The aircraft was introduced to the public at AirVenture 2012.

==Design and development==
The Bearhawk LSA is a "clean sheet design" inspired by the larger Bearhawk Patrol. The LSA features a strut-braced high-wing, a tandem enclosed cockpit accessed by a single right-side door, fixed conventional landing gear and a single engine in tractor configuration. The cockpit is 31 in wide. In 2015 a quick-build kit was introduced at the U.S Sport Aviation Expo.

The aircraft fuselage is fabricated from welded 4130 steel tubing covered in heat-shrunk aircraft fabric. The aluminum structure wing, covered in flush riveted aluminum sheet, employs a Harry Riblett-designed GA30-613.5 airfoil and does not have flaps. The wing is supported by a single strut per side. Recommended engines include the 65 hp Continental A-65, 75 hp Continental A-75 and the 100-110 hp Continental O-200 four-stroke power plants. However, many other engine options are available including Lycoming, Corvair, ULPower, and Rotax with many exceeding 110 hp.

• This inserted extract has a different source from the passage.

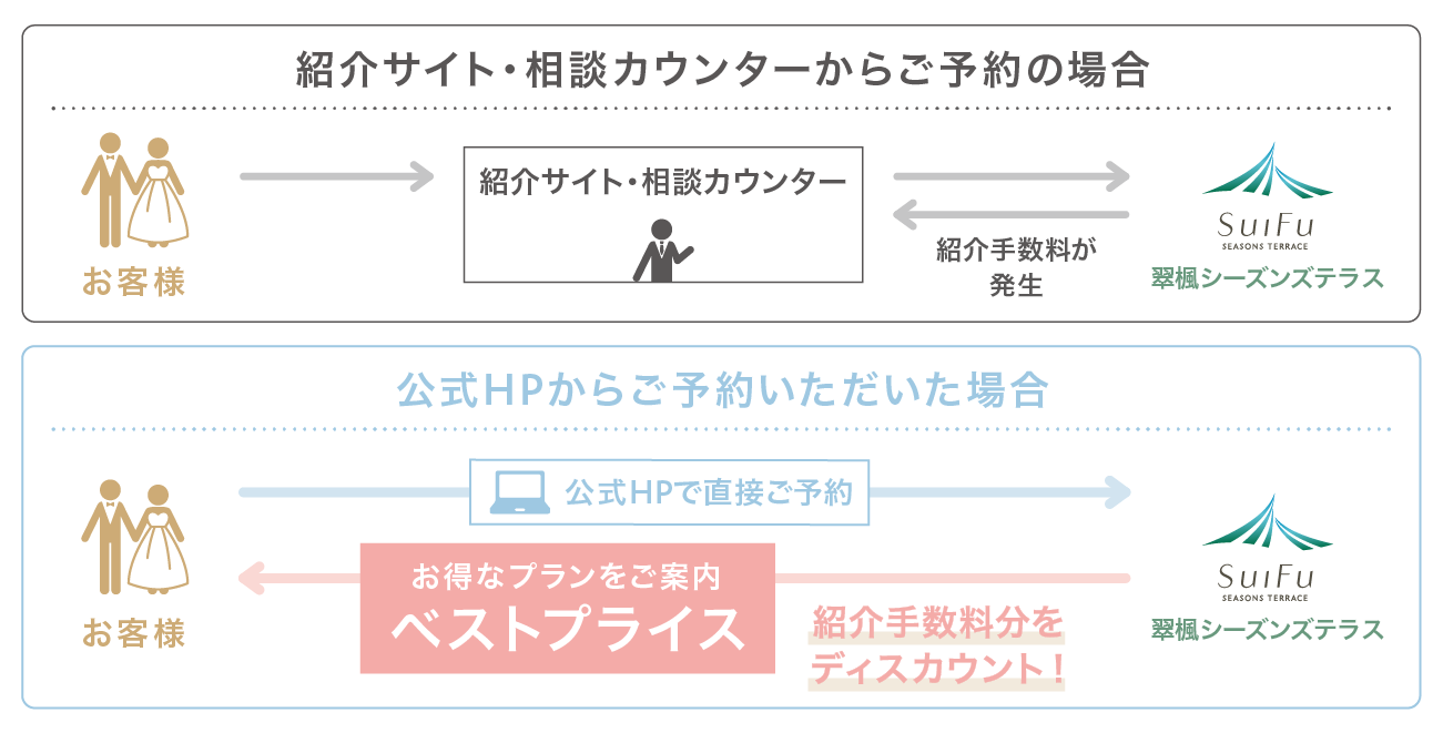 式場紹介・相談カウンターからのご予約や式場比較サイトからのご予約に比べて、当公式HPでご予約いただくと仲介手数料がかからないため、お客様に100%還元したプランをご案内することができます。

The aircraft is designed for a maximum gross weight of 1500 lb in the utility category, but was limited to 1320 lb in the US light-sport aircraft category prior to the changes made by the FAA MOSAIC rules. Under the new rules, sport pilots can now fly this aircraft up to the maximum gross of 1500 lbs.

==Operational history==
As of April 2025, 21 completed airplanes of this model were registered in the United States with the Federal Aviation Administration. Many more are currently being built around the globe as seen on the Bearhawk Forums map.